# DATA PROVIDED

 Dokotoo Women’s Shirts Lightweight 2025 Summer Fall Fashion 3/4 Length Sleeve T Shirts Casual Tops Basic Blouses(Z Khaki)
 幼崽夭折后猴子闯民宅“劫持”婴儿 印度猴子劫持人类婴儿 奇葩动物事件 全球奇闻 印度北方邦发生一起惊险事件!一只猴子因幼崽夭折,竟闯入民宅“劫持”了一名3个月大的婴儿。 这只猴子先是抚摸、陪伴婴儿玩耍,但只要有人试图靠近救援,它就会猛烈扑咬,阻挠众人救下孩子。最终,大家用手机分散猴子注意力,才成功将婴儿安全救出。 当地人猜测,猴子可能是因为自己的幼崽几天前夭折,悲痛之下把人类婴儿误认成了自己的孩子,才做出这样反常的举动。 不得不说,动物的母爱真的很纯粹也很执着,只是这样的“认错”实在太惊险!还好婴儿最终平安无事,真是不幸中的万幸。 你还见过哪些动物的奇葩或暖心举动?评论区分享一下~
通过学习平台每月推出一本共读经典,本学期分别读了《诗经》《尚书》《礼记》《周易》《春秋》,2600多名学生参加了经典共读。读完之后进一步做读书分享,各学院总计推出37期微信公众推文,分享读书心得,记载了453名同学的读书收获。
...
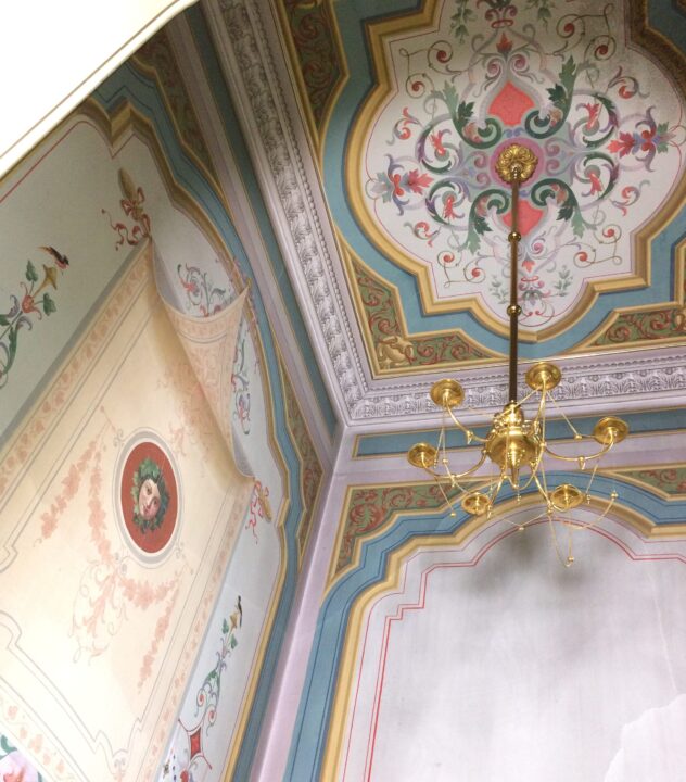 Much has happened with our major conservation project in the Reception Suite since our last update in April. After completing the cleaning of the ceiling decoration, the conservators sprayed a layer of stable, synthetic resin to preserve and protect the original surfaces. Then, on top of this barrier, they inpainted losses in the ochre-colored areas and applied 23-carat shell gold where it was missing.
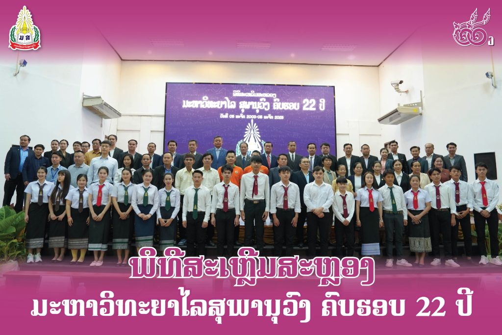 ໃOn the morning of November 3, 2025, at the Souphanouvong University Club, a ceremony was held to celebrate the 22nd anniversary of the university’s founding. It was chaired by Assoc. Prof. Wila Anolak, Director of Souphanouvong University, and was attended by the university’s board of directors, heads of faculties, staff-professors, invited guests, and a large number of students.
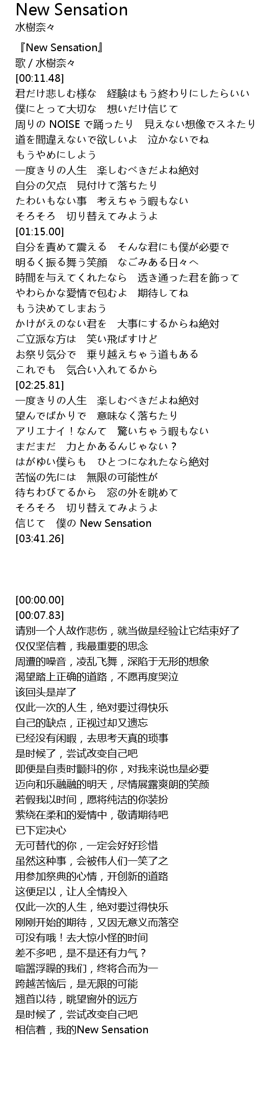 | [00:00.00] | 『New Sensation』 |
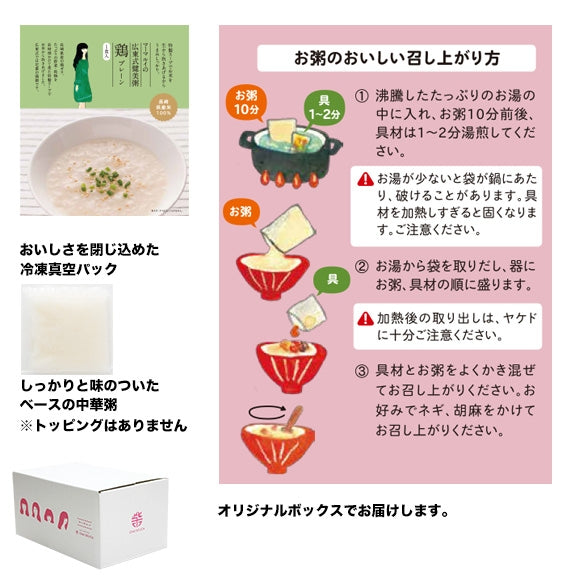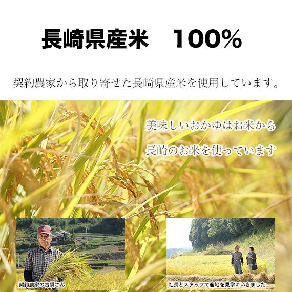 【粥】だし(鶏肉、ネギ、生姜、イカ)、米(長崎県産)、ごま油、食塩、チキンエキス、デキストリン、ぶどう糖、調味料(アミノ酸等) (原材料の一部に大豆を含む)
==
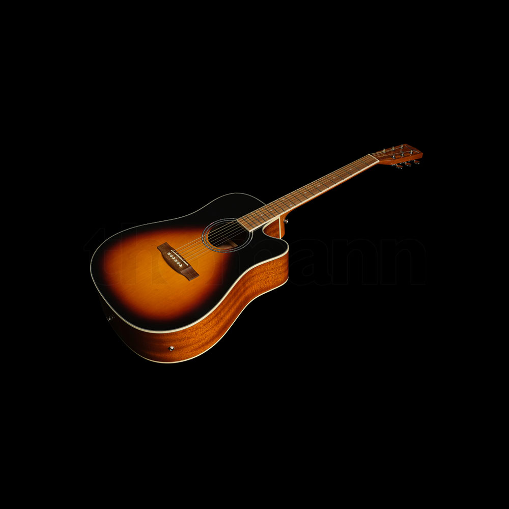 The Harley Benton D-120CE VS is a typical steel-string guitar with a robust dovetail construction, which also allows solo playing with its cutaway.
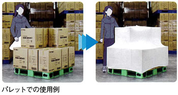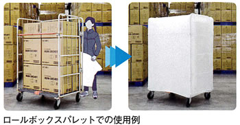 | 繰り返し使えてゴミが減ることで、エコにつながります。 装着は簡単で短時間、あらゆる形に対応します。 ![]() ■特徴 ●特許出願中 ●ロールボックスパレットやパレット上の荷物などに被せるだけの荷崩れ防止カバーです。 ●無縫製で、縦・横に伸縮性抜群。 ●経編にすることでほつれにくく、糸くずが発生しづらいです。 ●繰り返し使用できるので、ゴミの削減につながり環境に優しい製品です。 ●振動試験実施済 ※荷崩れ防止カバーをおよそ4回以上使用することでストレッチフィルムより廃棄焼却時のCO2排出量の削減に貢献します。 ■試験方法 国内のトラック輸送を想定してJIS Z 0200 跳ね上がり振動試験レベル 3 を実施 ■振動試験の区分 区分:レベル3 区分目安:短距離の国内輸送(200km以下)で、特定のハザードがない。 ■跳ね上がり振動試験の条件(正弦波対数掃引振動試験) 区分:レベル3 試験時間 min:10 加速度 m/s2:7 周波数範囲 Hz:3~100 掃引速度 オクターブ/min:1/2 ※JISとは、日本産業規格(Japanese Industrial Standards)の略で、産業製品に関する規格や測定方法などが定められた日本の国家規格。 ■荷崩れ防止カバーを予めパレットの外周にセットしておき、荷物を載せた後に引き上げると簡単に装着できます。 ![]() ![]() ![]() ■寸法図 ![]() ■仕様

# WHAT TO DO
Give back exactly the lines above, from the line containing "Dokotoo Women’s Shirts" through the line containing "通过学习平台每月推出一本共读", with both end lines and nothing more.

# OUTPUT BELOW
 Dokotoo Women’s Shirts Lightweight 2025 Summer Fall Fashion 3/4 Length Sleeve T Shirts Casual Tops Basic Blouses(Z Khaki)
 幼崽夭折后猴子闯民宅“劫持”婴儿 印度猴子劫持人类婴儿 奇葩动物事件 全球奇闻 印度北方邦发生一起惊险事件!一只猴子因幼崽夭折,竟闯入民宅“劫持”了一名3个月大的婴儿。 这只猴子先是抚摸、陪伴婴儿玩耍,但只要有人试图靠近救援,它就会猛烈扑咬,阻挠众人救下孩子。最终,大家用手机分散猴子注意力,才成功将婴儿安全救出。 当地人猜测,猴子可能是因为自己的幼崽几天前夭折,悲痛之下把人类婴儿误认成了自己的孩子,才做出这样反常的举动。 不得不说,动物的母爱真的很纯粹也很执着,只是这样的“认错”实在太惊险!还好婴儿最终平安无事,真是不幸中的万幸。 你还见过哪些动物的奇葩或暖心举动?评论区分享一下~
通过学习平台每月推出一本共读经典,本学期分别读了《诗经》《尚书》《礼记》《周易》《春秋》,2600多名学生参加了经典共读。读完之后进一步做读书分享,各学院总计推出37期微信公众推文,分享读书心得,记载了453名同学的读书收获。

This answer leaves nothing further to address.